> _Exercise brief_
Type out the lines below exactly, pictures excluded.
:: Supplied material ::
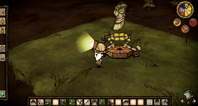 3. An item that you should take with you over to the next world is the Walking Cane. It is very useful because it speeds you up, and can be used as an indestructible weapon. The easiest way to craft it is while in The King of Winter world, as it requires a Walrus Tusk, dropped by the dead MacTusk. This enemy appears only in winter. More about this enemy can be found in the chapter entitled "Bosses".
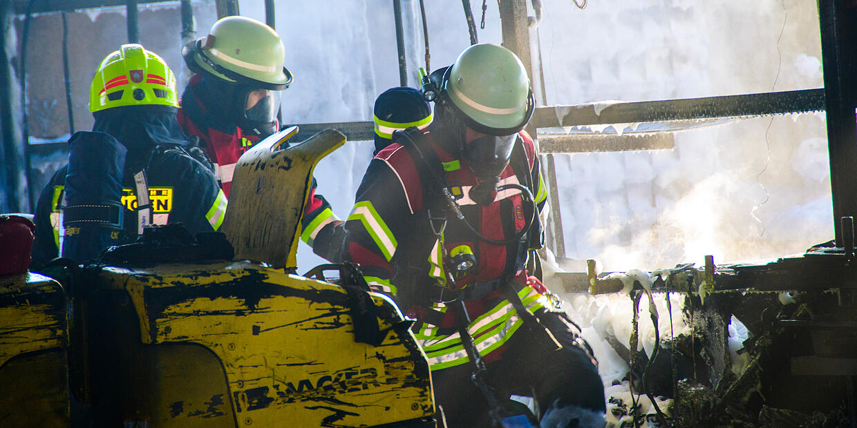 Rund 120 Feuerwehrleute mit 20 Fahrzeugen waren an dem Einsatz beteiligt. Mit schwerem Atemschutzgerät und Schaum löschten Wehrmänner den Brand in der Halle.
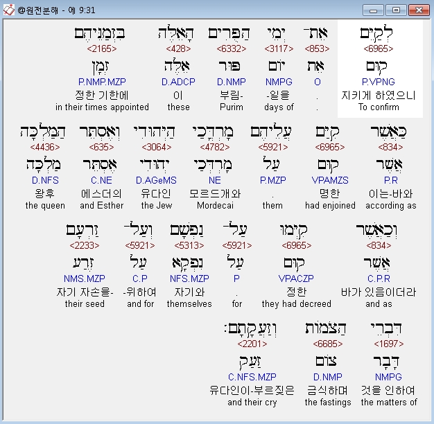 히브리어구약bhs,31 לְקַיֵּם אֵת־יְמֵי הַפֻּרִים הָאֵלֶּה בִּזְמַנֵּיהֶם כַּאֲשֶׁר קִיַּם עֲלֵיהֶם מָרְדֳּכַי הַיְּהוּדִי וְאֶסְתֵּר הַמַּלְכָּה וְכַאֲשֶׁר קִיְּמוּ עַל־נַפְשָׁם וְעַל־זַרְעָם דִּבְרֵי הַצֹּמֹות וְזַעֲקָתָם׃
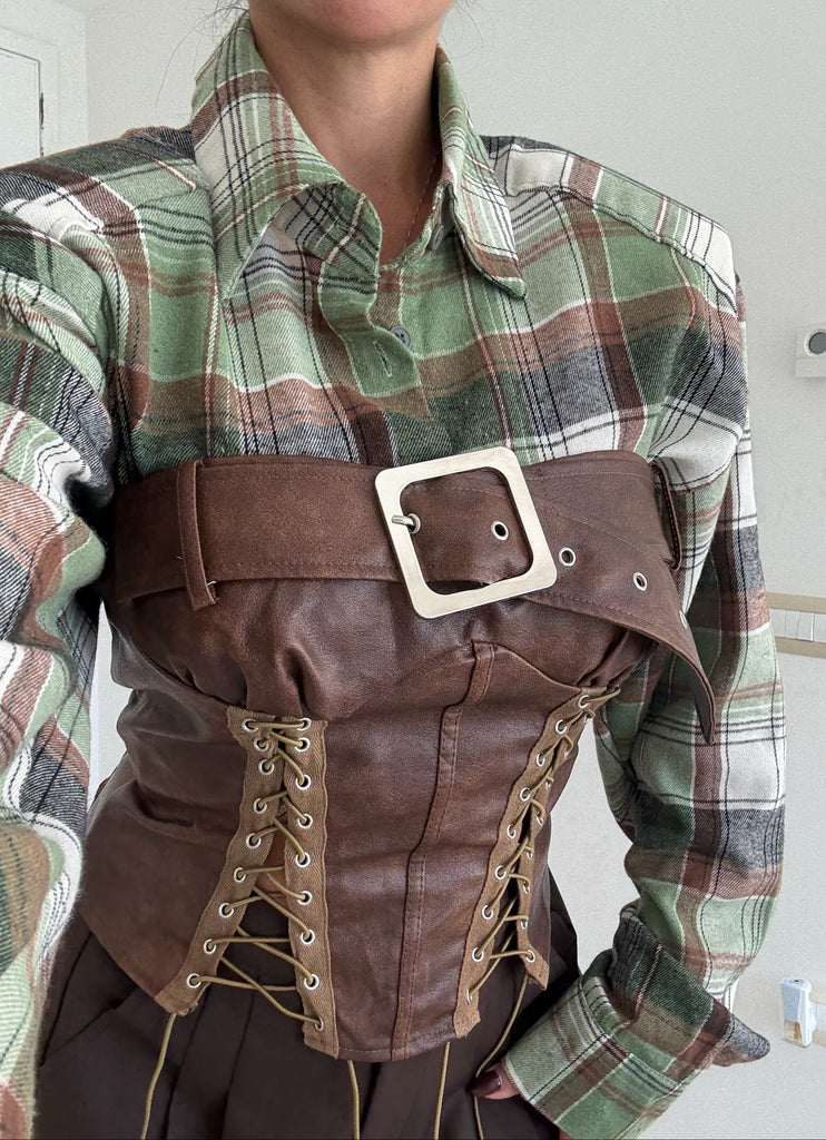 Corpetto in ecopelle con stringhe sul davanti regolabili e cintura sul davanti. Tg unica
:::
> _Response area_
 3. An item that you should take with you over to the next world is the Walking Cane. It is very useful because it speeds you up, and can be used as an indestructible weapon. The easiest way to craft it is while in The King of Winter world, as it requires a Walrus Tusk, dropped by the dead MacTusk. This enemy appears only in winter. More about this enemy can be found in the chapter entitled "Bosses".
 Rund 120 Feuerwehrleute mit 20 Fahrzeugen waren an dem Einsatz beteiligt. Mit schwerem Atemschutzgerät und Schaum löschten Wehrmänner den Brand in der Halle.
 히브리어구약bhs,31 לְקַיֵּם אֵת־יְמֵי הַפֻּרִים הָאֵלֶּה בִּזְמַנֵּיהֶם כַּאֲשֶׁר קִיַּם עֲלֵיהֶם מָרְדֳּכַי הַיְּהוּדִי וְאֶסְתֵּר הַמַּלְכָּה וְכַאֲשֶׁר קִיְּמוּ עַל־נַפְשָׁם וְעַל־זַרְעָם דִּבְרֵי הַצֹּמֹות וְזַעֲקָתָם׃
 Corpetto in ecopelle con stringhe sul davanti regolabili e cintura sul davanti. Tg unica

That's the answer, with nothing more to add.